Qatar 2022 organisers slam latest ITUC report as incorrect and a smear campaign

construction in Qatar

By Andrew Warshaw
March 17 – Qatar’s World Cup organisers, buffeted by constant attacks about the country’s human rights record, have gone on the offensive by branding the latest report into the mistreatment of workers as a smear campaign “riddled with factual errors”.

The Gulf state has been under mounting pressure to improve the living conditions of migrant workers building the infrastructure for 2022 and to reform the antiquated kafala system of tied employment.

Until now, 2022 officials have been relatively restrained when it comes to reacting to criticism, acknowledging workers’ rights shortcomings and insisting improvements will be put in place.

But with FIFA’s executive committee addressing the highly sensitive issue at a key meeting later this week, Qatar have been quick to respond to a new survey by the International Trade Union Confederation.

The ITUC said its general secretary, Sharan Burrow, found during a recent site visit to Al-Wakrah, Qatar’s first World Cup venue being constructed, that “38 World Cup workers from India, Nepal and Thailand (are) living in squalor with mattresses on the floor in makeshift rooms underneath the bleachers or stadium seats.”

“Qatar is a government which takes no responsibility for workers, and its response to public criticism is focused on public relations,” Burrow added.

But in a hard-hitting response, Qatar’s Supreme Committee for Delivery and Legacy said the ITUC report was factually inaccurate and was a deliberate attempt to “discredit the positive work” that is being done.

The committee acknowledged the “far-reaching and extremely complex” challenges but attacked an entire section of the ITUC report as being “littered with factual errors.”

The Qataris claim the ITUC report referred to accommodation not being used by construction workers, adding that they were in fact being housed in refurbished accommodation which the ITUC never visited or requested to do so.

Qatar in February published a detailed set of guidelines aimed at protecting the rights of thousands of expatriate workers employed on its construction projects.

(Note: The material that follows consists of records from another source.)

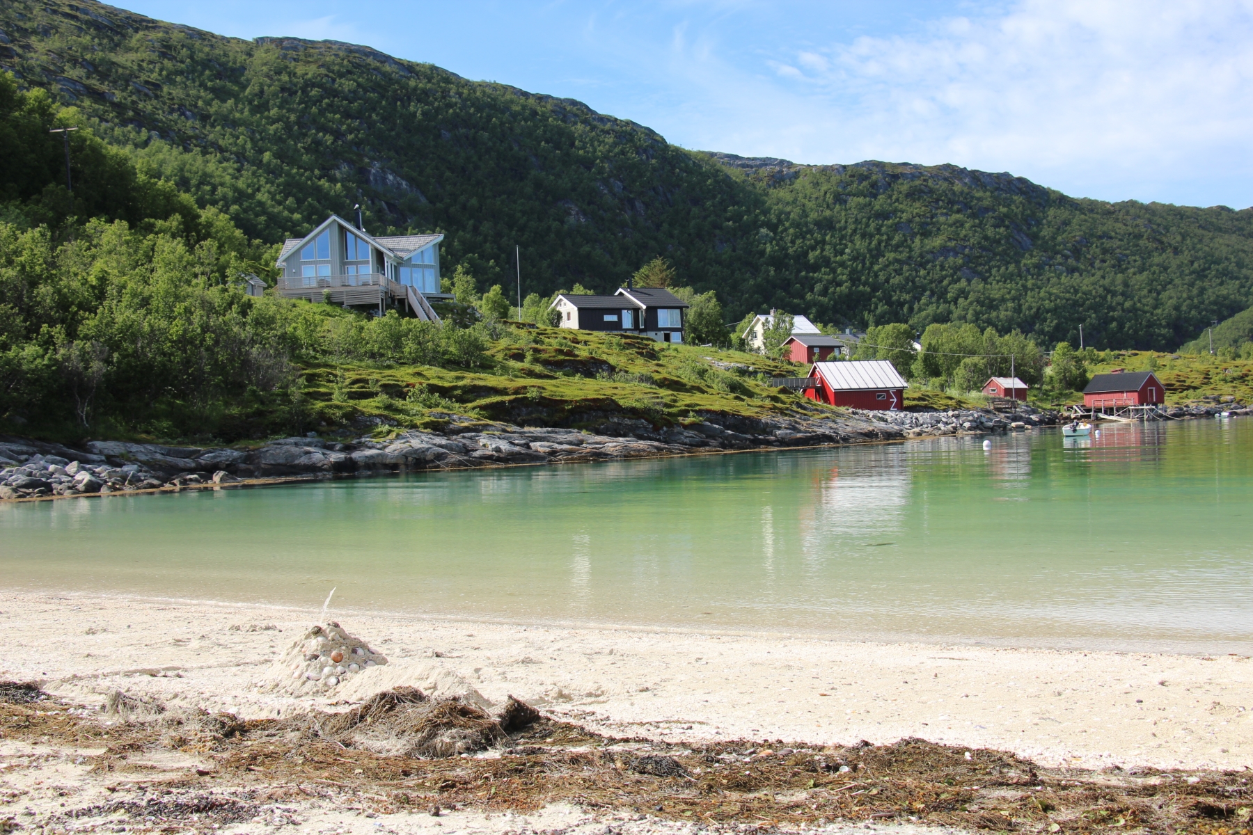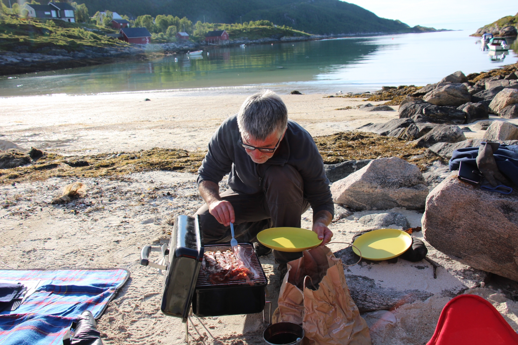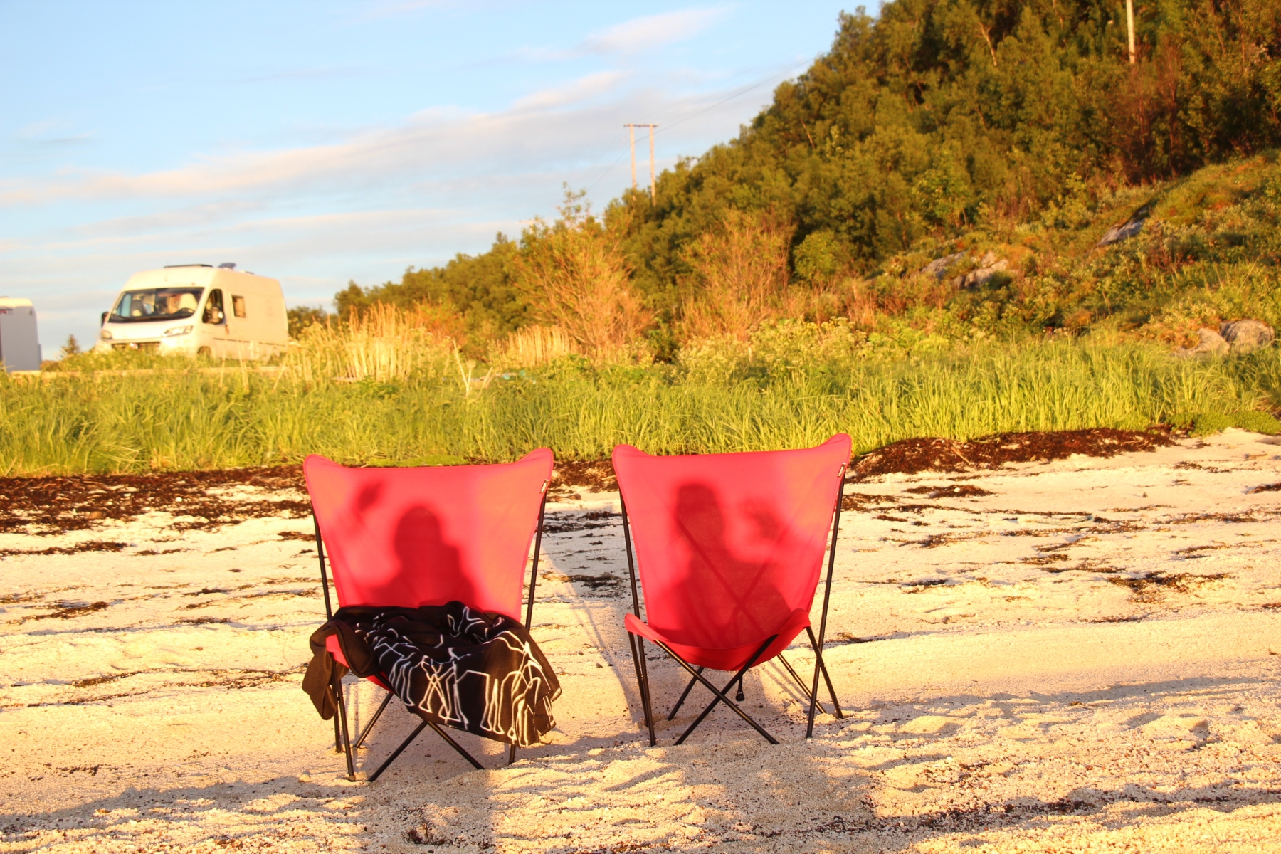Nous avons choisi pour bivouaquer une petite plage sur l’île de Senja qui donne plein Nord, les conditions sont idéales pour un soleil de minuit.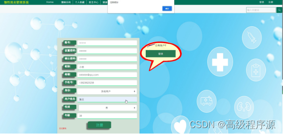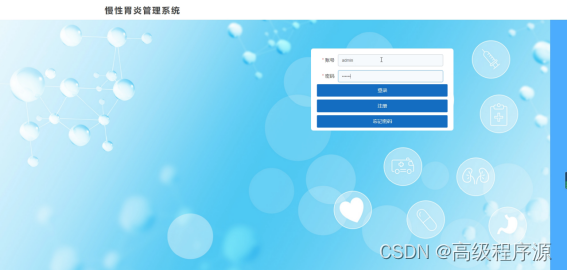 管理员登录慢性胃炎管理系统,在登录页面输入用户名、密码进行登录,如图5-1所示。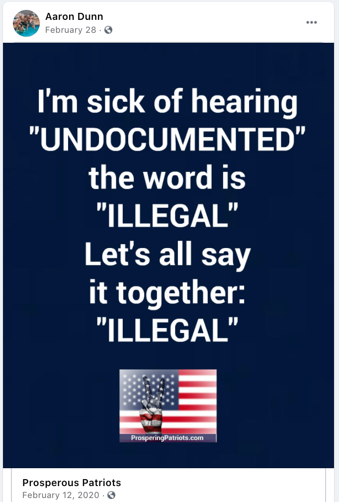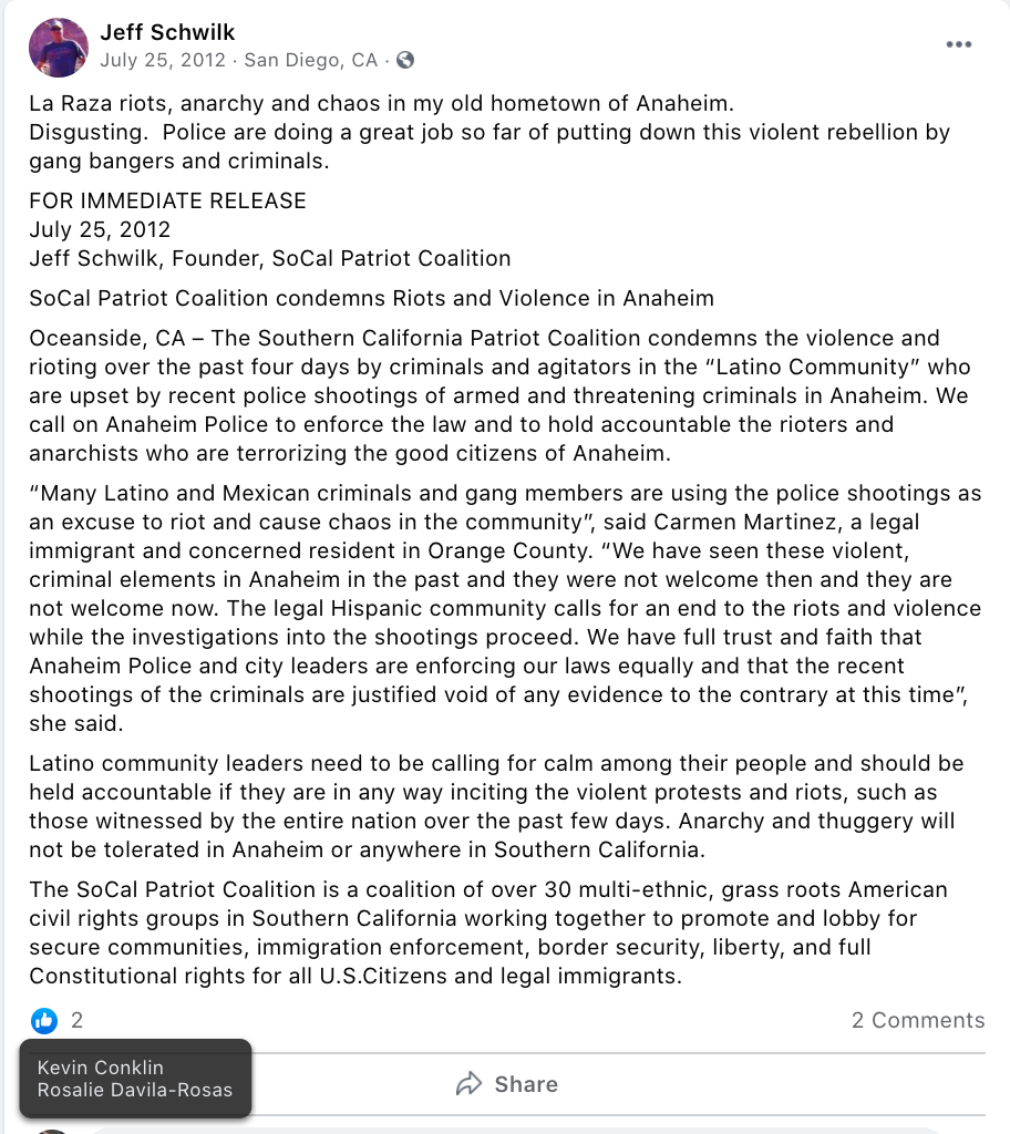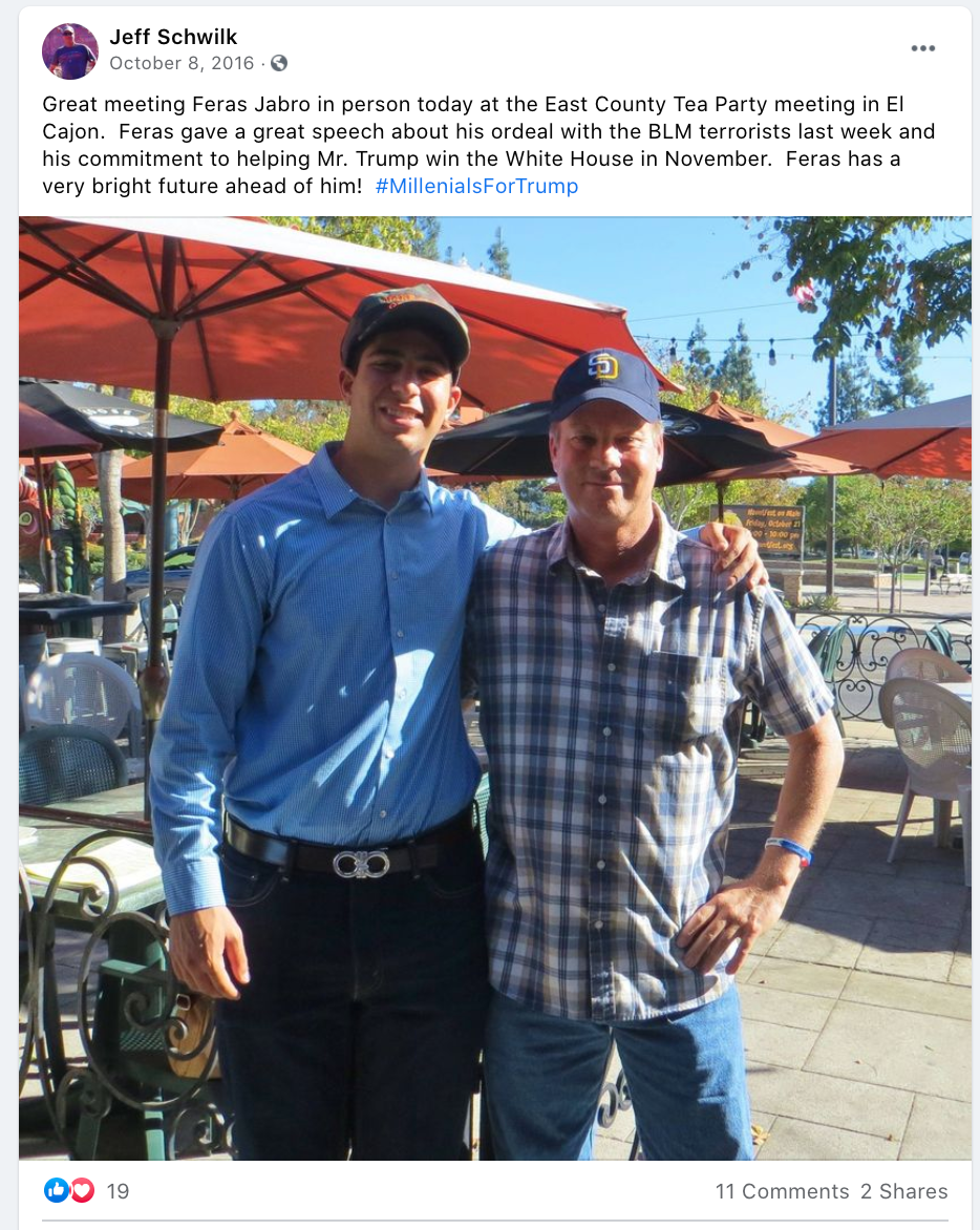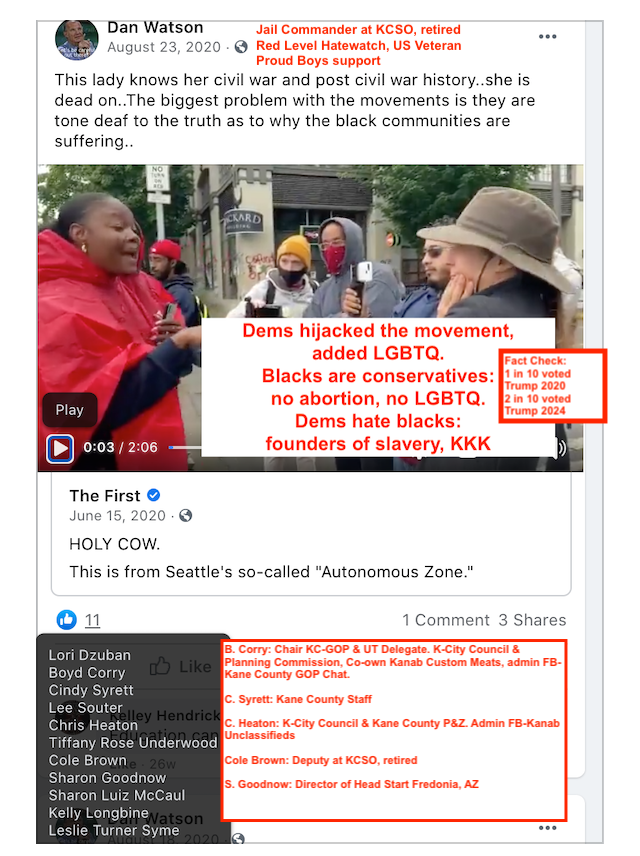 - Schwilk, Social Media Extremism using PERSONAL FB profile: Racism (black Americans, Latinos, Syrians), Conspiracy Theories (Vegas shooting, Antifa, protests, gas prices, taking freedoms, immigrant voting), False Narratives (anything deemed “Left”), anti-government & doom of America, berates people on local FB groups like Kanab Fredonia Rant & Rave, anti-women. violence (run over protesters) and the “Move back to where you came from” line. His worst two are the #HimToo and the comment”blacky put a bullet in your head”.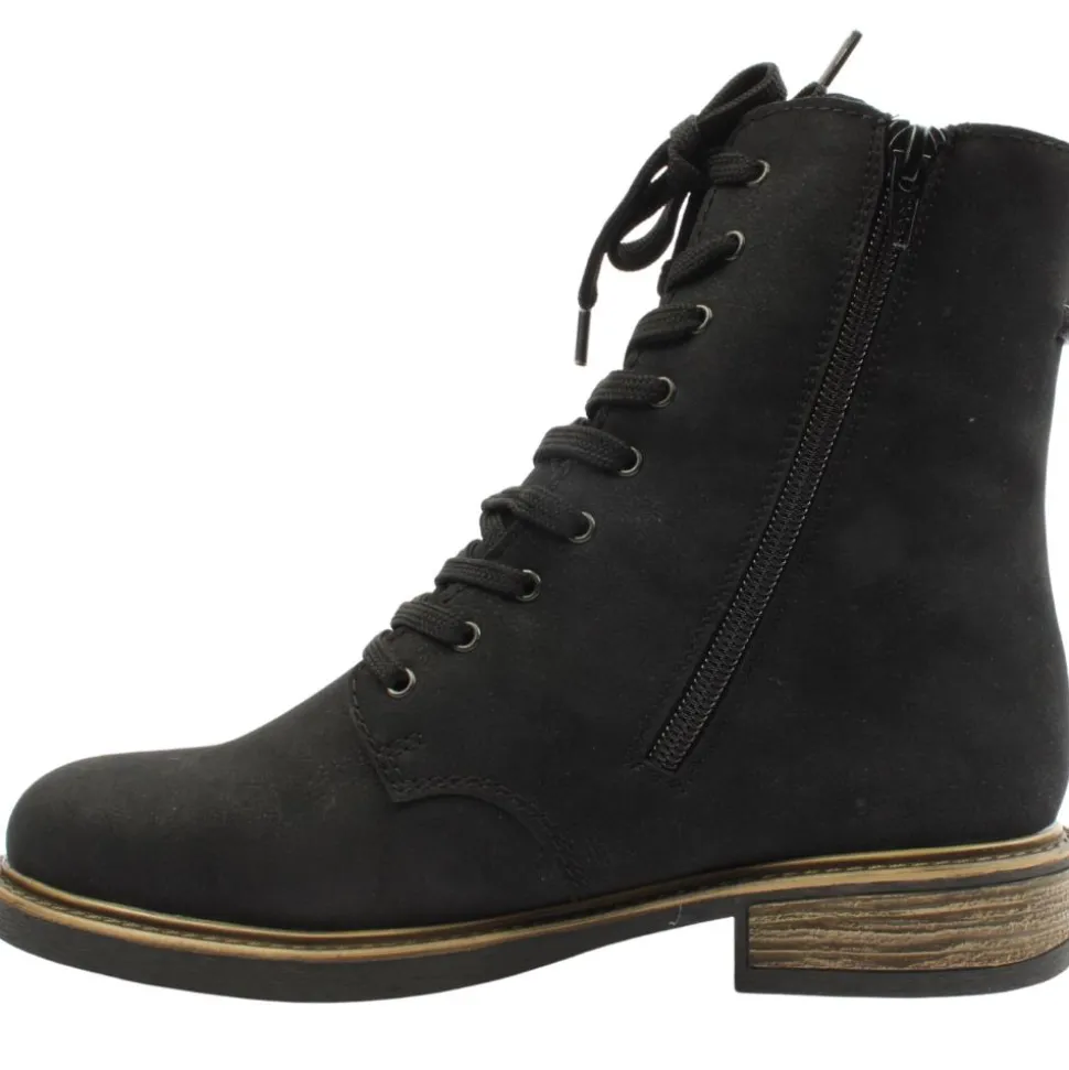 Stay warm and cosy in these causal Rieker ankle boots with a plush fleece lining. The lcombination of lace-up and zip closure ensures a secure fit and customisable fit. The Rieker antistress insole ensures superior comfort that supports your feet throughout the day.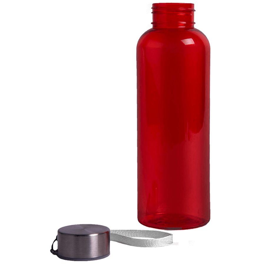 Пластиковая цветная бутылка с металлической крышкой.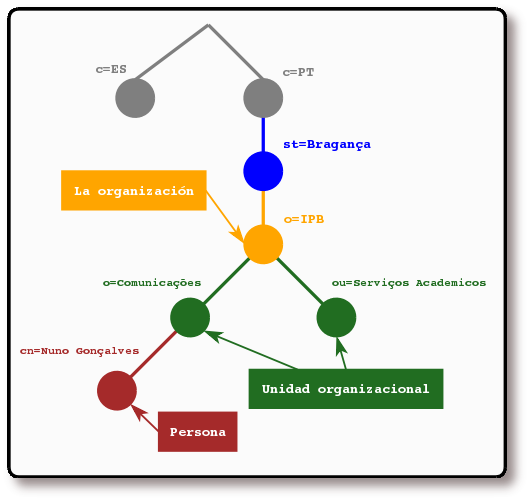 En LDAP, las entradas están organizadas en una estructura jerárquica en árbol. Tradicionalmente, esta estructura reflejaba los límites geográficos y organizacionales. Las entradas que representan países aparecen en la parte superior del árbol. Debajo de ellos, están las entradas que representan los estados y las organizaciones nacionales. Debajo de estás, pueden estar las entradas que representan las unidades organizacionales, empleados, impresoras, documentos o todo aquello que pueda imaginarse. La Figura 1-1 muestra un ejemplo de un árbol de directorio LDAP haciendo uso del nombramiento tradicional.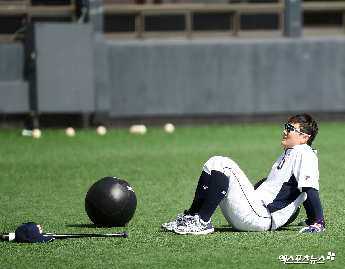 ​[엑스포츠뉴스 잠실, 김한준 기자] 15일 오후 서울 송파구 잠실야구장에서 두산 베어스 훈련이 진행됐다.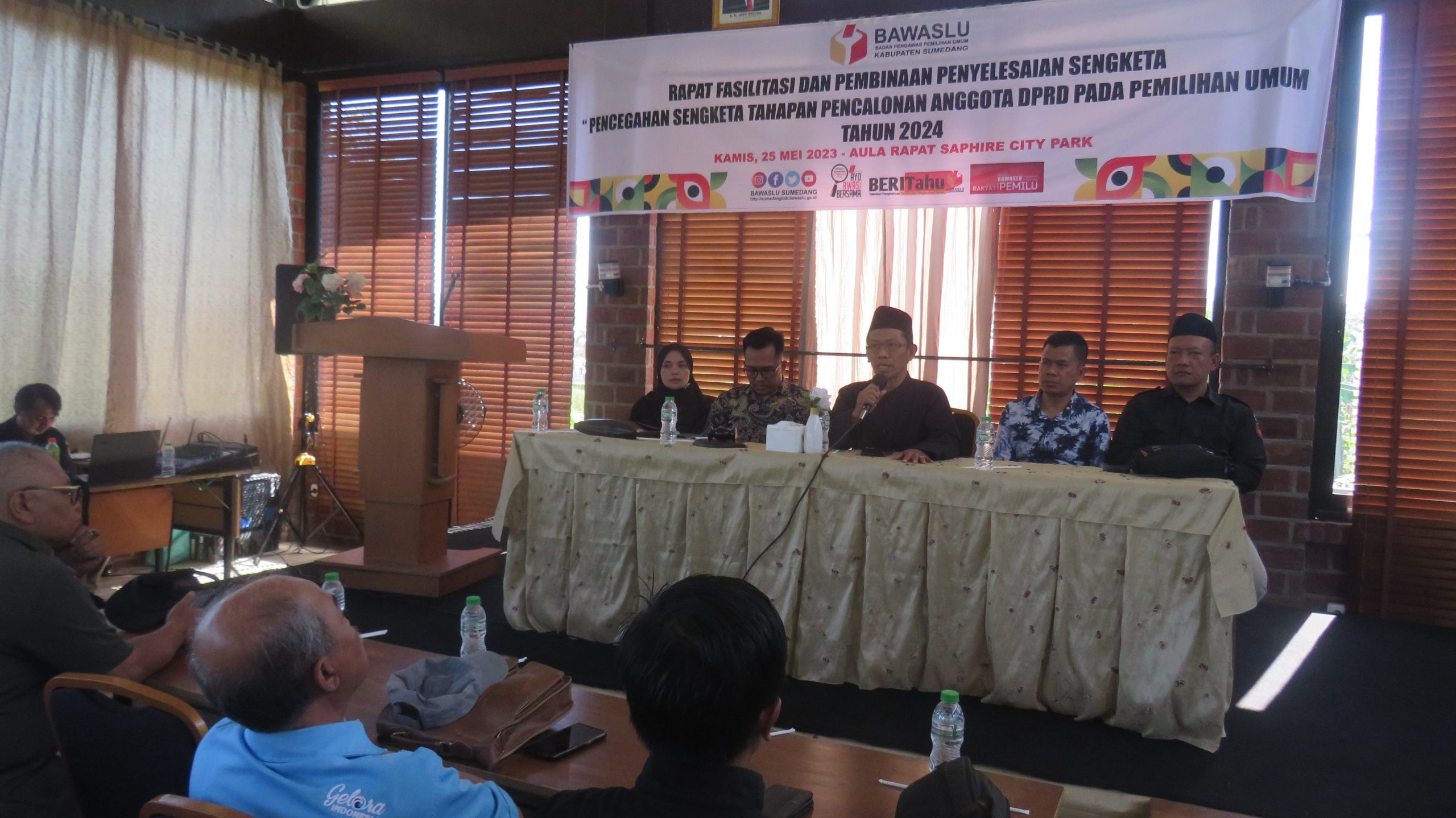 Sumedang, Badan Pengawas Pemilihan Umum (Bawaslu) Kabupaten Sumedang melaksanakan Rapat Fasilitasi dan Pembinaan Penyelesaian Sengketa dengan tema “ Pencegahan Sengketa Tahapan Pencalonan anggota DPRD pada pemilihan umum tahun 2024. Kegiatan dihadiri oleh pimpinan Bawaslu Provinsi Jawa Barat Yulianto, SH., MH. dan Anggota Bawaslu Kabupaten Sumedang. Sementara itu peserta datang dari partai politik peserta pemilu tahun 2024 serta pemantau pemilu.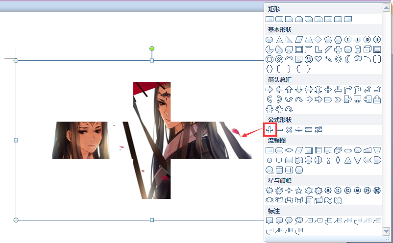 下面给大家操作图片转为形状样式。单击图片来选中图片,接着单击上方图片工具“格式”选项卡,单击“剪裁”的下拉按钮,选择“剪裁为形状”,然后选择需要的形状即可。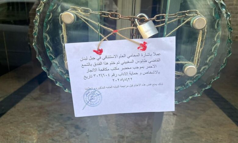 بناءً لإشارة القضاء، قام مكتب مكافحة الاتجار بالبشر وحماية الآداب بختم فندقَين في منطقة كفرحباب بالشمع الأحمر.

The same month, the Indian embassy in Doha was reported as saying 450 of its nationals had died in almost two years in Qatar whilst an official at the Nepalese embassy told AFP in January that 191 deaths had been registered in 2013, many of them from “unnatural” heart failure.

But World Cup organisers said significant measures were being adopted to meet international employment standards and denounced the ITUC’s anti-Qatar agenda.

“Our Workers’ Welfare Standards clearly regulate working and living conditions and are being implemented on our first stadium and accommodation sites… Since January 2014, the Supreme Committee’s Workers’ Welfare Committee has conducted three successful inspections to enforce and monitor this implementation,” their statement said.

“The International Trade Union Confederation’s statement that our standards have no credible enforcement mechanism is hence both incorrect and misleading.

“We know that there are issues. While this process of change is not something that can be achieved overnight, we have the will and the commitment to see it through.”